Aber es ist nicht nur die zweite Ebene, die in Dortmund so viel besser gelingt als fast überall sonst. Es ist vor allem auch die Haltung zu den Figuren und zum Setting. Noras und Daniels Dialoge kommen ohne aufgesetzten Unter-40-Sprech aus, ohne gewollt keckes Gefasel, ohne gezwungene Albernheiten. Wenn Jörg Hartmann als Peter Faber im Tobsuchtsanfall die Toilettenräume auseinandernimmt, nimmt man ihm das ab. Wenn er seiner Kollegin an die Gurgel geht, um die Tötungssituation nachzustellen, ist man sich sicher, dass der Mann nicht alle Tassen im Schrank hat. Aber man nimmt es ihm ab. Weil es authentisch ist. Weil diese Figuren es nicht nötig haben, sich aufgesetzte One-Liner in den Mund legen zu lassen, in der Hoffnung, damit zumindest auf ein Minimum an Individualität zu kommen. Weil es eben auch anders geht: nahbarer, authentischer, natürlicher, und nicht am Reißbrett nach Zielgruppenaffinität durchgeplant.

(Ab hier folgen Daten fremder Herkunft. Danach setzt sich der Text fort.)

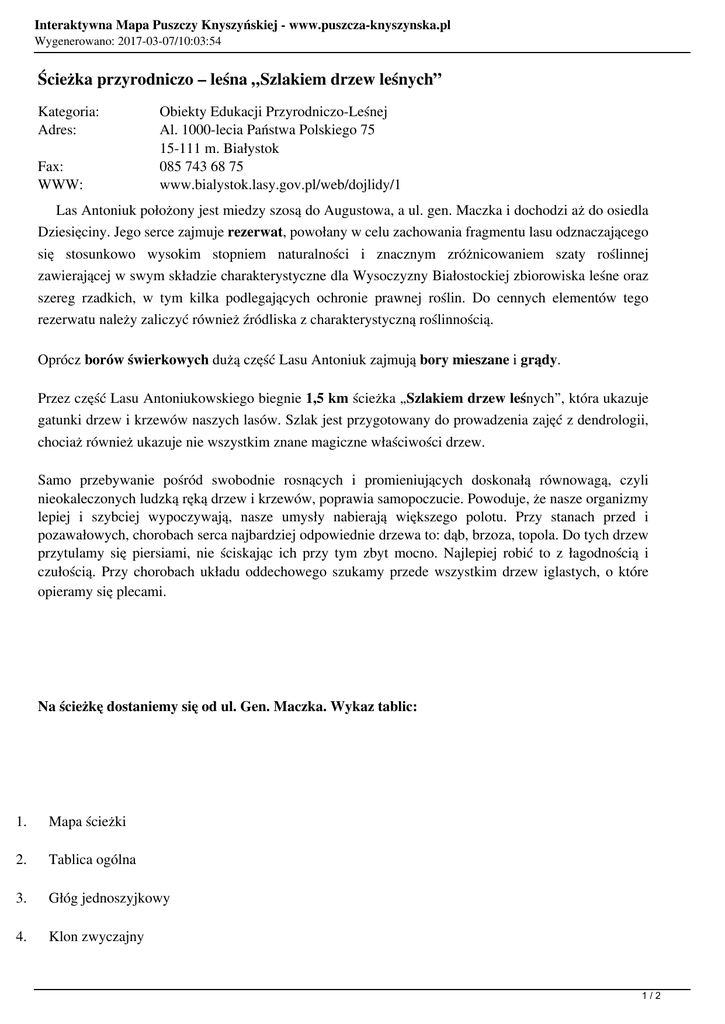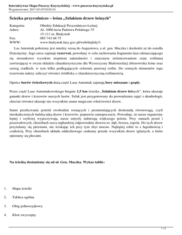 Interaktywna Mapa Puszczy Knyszyńskiej - www.puszcza-knyszynska.pl Wygenerowano: 2017-03-07/10:03:54 Ścieżka przyrodniczo – leśna „Szlakiem drzew leśnych” Kategoria: Adres: Fax: WWW: Obiekty Edukacji Przyrodniczo-Leśnej Al. 1000-lecia Państwa Polskiego 75 15-111 m. Białystok 085 743 68 75 www.bialystok.lasy.gov.pl/web/dojlidy/1 Las Antoniuk położony jest miedzy szosą do Augustowa, a ul. gen. Maczka i dochodzi aż do osiedla Dziesięciny. Jego serce zajmuje rezerwat, powołany w celu zachowania fragmentu lasu odznaczającego się stosunkowo wysokim stopniem naturalności i znacznym zróżnicowaniem szaty roślinnej zawierającej w swym składzie charakterystyczne dla Wysoczyzny Białostockiej zbiorowiska leśne oraz szereg rzadkich, w tym kilka podlegających ochronie prawnej roślin. Do cennych elementów tego rezerwatu należy zaliczyć również źródliska z charakterystyczną roślinnością. Oprócz borów świerkowych dużą część Lasu Antoniuk zajmują bory mieszane i grądy. Przez część Lasu Antoniukowskiego biegnie 1,5 km ścieżka „Szlakiem drzew leśnych”, która ukazuje gatunki drzew i krzewów naszych lasów. Szlak jest przygotowany do prowadzenia zajęć z dendrologii, chociaż również ukazuje nie wszystkim znane magiczne właściwości drzew. Samo przebywanie pośród swobodnie rosnących i promieniujących doskonałą równowagą, czyli nieokaleczonych ludzką ręką drzew i krzewów, poprawia samopoczucie. Powoduje, że nasze organizmy lepiej i szybciej wypoczywają, nasze umysły nabierają większego polotu. Przy stanach przed i pozawałowych, chorobach serca najbardziej odpowiednie drzewa to: dąb, brzoza, topola. Do tych drzew przytulamy się piersiami, nie ściskając ich przy tym zbyt mocno. Najlepiej robić to z łagodnością i czułością. Przy chorobach układu oddechowego szukamy przede wszystkim drzew iglastych, o które opieramy się plecami. Na ścieżkę dostaniemy się od ul. Gen. Maczka. Wykaz tablic: 1. Mapa ścieżki 2. Tablica ogólna 3. Głóg jednoszyjkowy 4. Klon zwyczajny 1/2 Interaktywna Mapa Puszczy Knyszyńskiej - www.puszcza-knyszynska.pl Wygenerowano: 2017-03-07/10:03:54 5. Grusza dzika 6. Grab zwyczajny 7. Leszczyna pospolita 8. Dąb szypułkowy 9. Lipa drobnolistna 10. Wiąz szypułkowy 11. Buk zwyczajny 12. Topola osika 13. Modrzew europejski 14. Sosna zwyczajna 15. Brzoza brodawkowata 16. Wiśnia ptasia 17. Świerk pospolity 18. Robinia akacjowa 2/2 Powered by TCPDF (www.tcpdf.org)
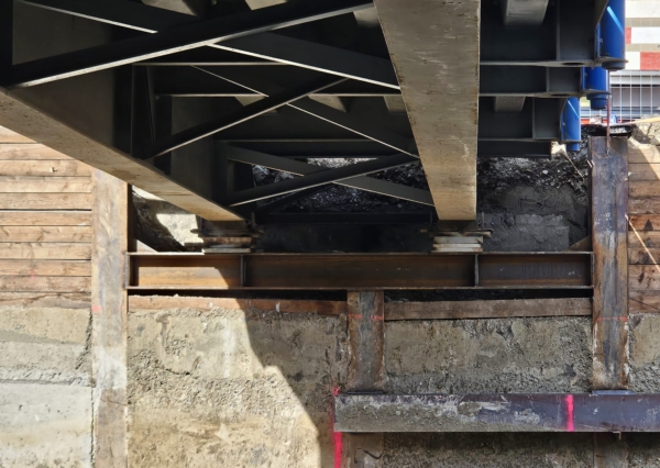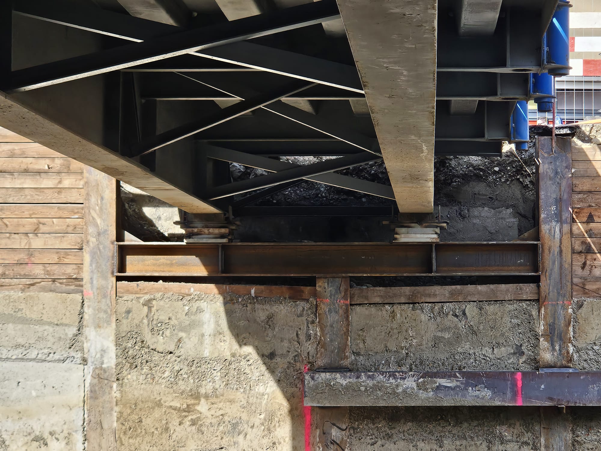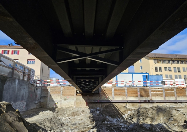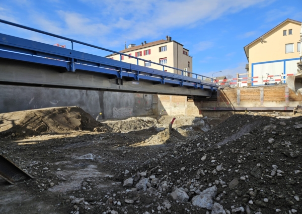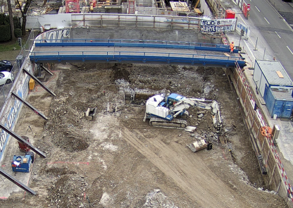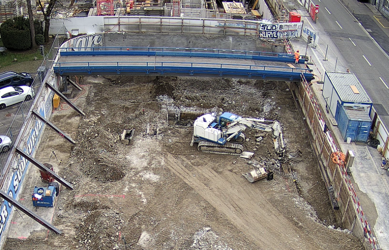 Bei uns reicht eine – dafür eine aussergewöhnliche. Beim Ersatzneubau eines Mehrfamilienhauses an der Altstetterstrasse in Zürich sichert eine Hilfsbrücke mit 21m Spannweite über der Baugrube die Erschliessung der angrenzenden Parzellen während der Bauphase.

Hinzu kommt, dass sich die Glücksgriffe beim Cast nach wie vor bezahlt machen. Jörg Hartmanns und Anna Schudts Spiel kann man in seinen besten Momenten ohne zu übertreiben als Tour-de-Force bezeichnen, während Aylin Tezel und Stefan Konarske das jüngere «Tatort»-Duo weiterhin glaubhaft und unaffektiert verkörpern. Unprätentiös eben. Wenn «Tatort» doch nur immer so wäre.
Das Erste zeigt «Tatort - Eine andere Welt» am Sonntag, den 17. November um 20.15 Uhr.